You're reading: Government asks judge to stick with Demjanjuk ruling

CLEVELAND — The government has asked a judge to stick with a decision denying convicted Nazi war criminal John Demjanjuk a chance to regain his U.S. citizenship, arguing that the retired autoworker is just trying to drag out the case.

Demjanjuk’s appeal for reconsideration "rehashes old arguments" and "is nothing more than an effort to prolong this litigation by any means necessary," the government said in a filing Thursday night in U.S. District Court.

Demjanjuk, 91, who lived for many years in Seven Hills in suburban Cleveland, was convicted by a German court on more than 28,000 counts of accessory to murder. The court found he had worked as a guard at the Sobibor death camp in Nazi-occupied Poland.

He claims the government failed to disclose evidence including a 1985 secret FBI report uncovered by The Associated Press. The document indicated the FBI believed a Nazi ID card purportedly showing that he served as a death camp guard was a Soviet-made fake.

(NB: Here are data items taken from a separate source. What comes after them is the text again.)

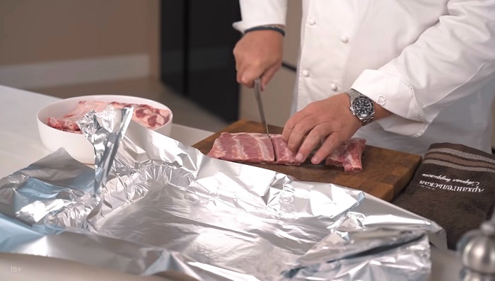 В лоток для запекания выкладываем фольгу так, чтобы её краями затем можно было накрыть рёбрышки.Рёбра нарезаем и выкладываем в лоток, солим, заливаем перечным соусом и накрываем фольгой. -
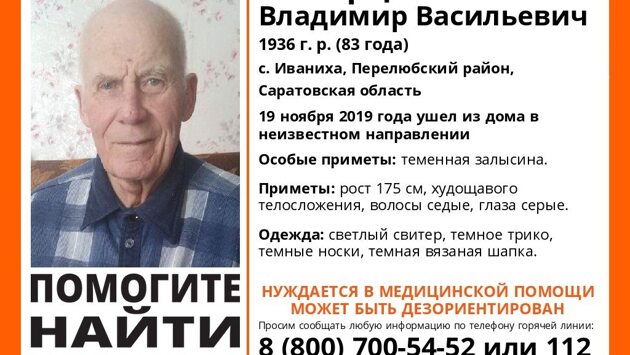В Перелюбвском районе в селе Иваниха без вести пропал пожилой человек. Как сообщают волонтеры поискового отряда «Лиза Алерт», 83-летний Самарцев Владимир Васильевич пропал 19 ноября. Также он может нуждается в медицинской помощи. — Рост пропавшего пенсионера около 175 см, телосложение худощавое, волосы седые, цвет глаз серый, на темени залысина. Последний раз он был одет в светлый свитер, темное трико, темные носки и темную вязаную шапку, — рассказали поисковики. Примечательно, что Владимир ушел из дома в неизвестном направлении без верхней одежды. Учитывая погодные условия отряды добровольцев прикладывают все усилия для поиска сельчанина. Всем, кому что-либо известно о его местонахождении, просьба сообщить по номеру телефона 8(905)385-02-65 (Люсьен) или 02 (с мобильного 102).
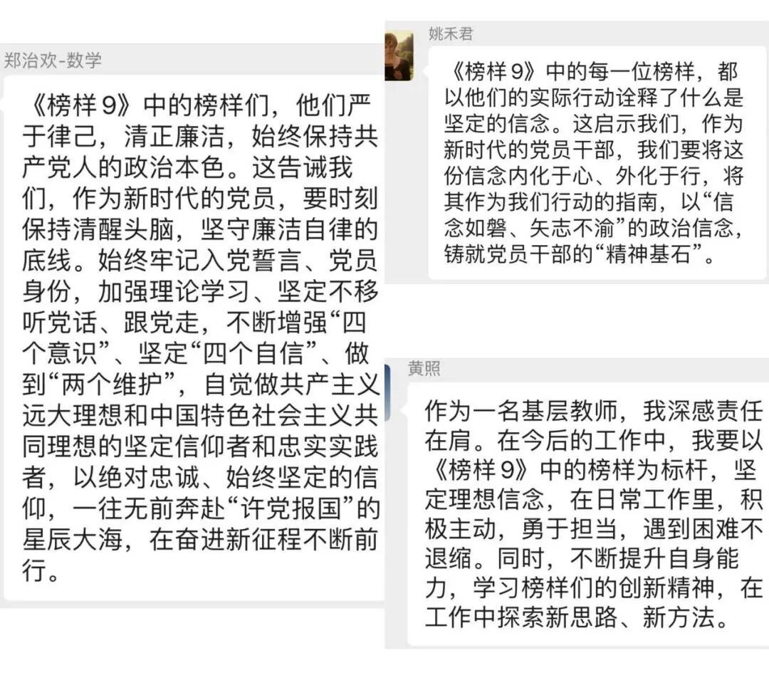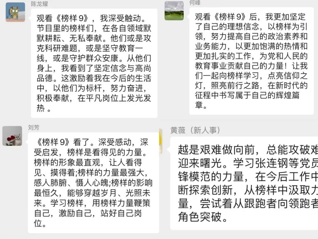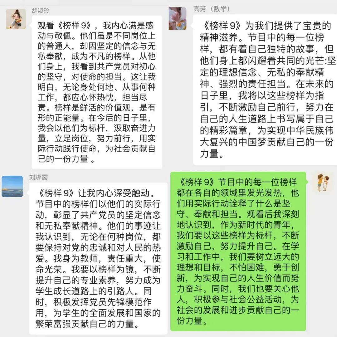 为深入学习贯彻习近平新时代中国特色社会主义思想和党的二十届三中全会精神,充分发挥先进典型示范引领作用,教育引导我校党员教师“学有榜样、赶有方向”,在全校营造崇尚先进、见贤思齐的浓厚氛围。2025年1月16日晚8:00,我校党总支组织全体党员居家观看了由中央组织部、中央广播电视总台联合制作了《榜样9》专题节目。

Dennis Terez, Demjanjuk’s attorney, said in an email Friday that he wouldn’t comment on the government filing.

Last month, Judge Dan Aaron Polster ruled against the citizenship bid and said Demjanjuk had lied about his whereabouts during World War II.

In a response to the original defense citizenship filing, the government included a recent affidavit from retired FBI agent Thomas Martin. He said the March 4, 1985 report written by him was based on speculation about a Soviet forgery, not any investigation.

Demjanjuk has been in poor health for years and has been in and out of a German hospital since his conviction.

Demjanjuk cannot leave Germany because he has no passport after being stripped of his U.S. citizenship ahead of his deportation to Germany in 2009. He could have gotten a U.S. passport if the denaturalization ruling had been overturned.

The Ukrainian-born Demjanjuk was a Soviet Red Army soldier captured by the Germans in 1942.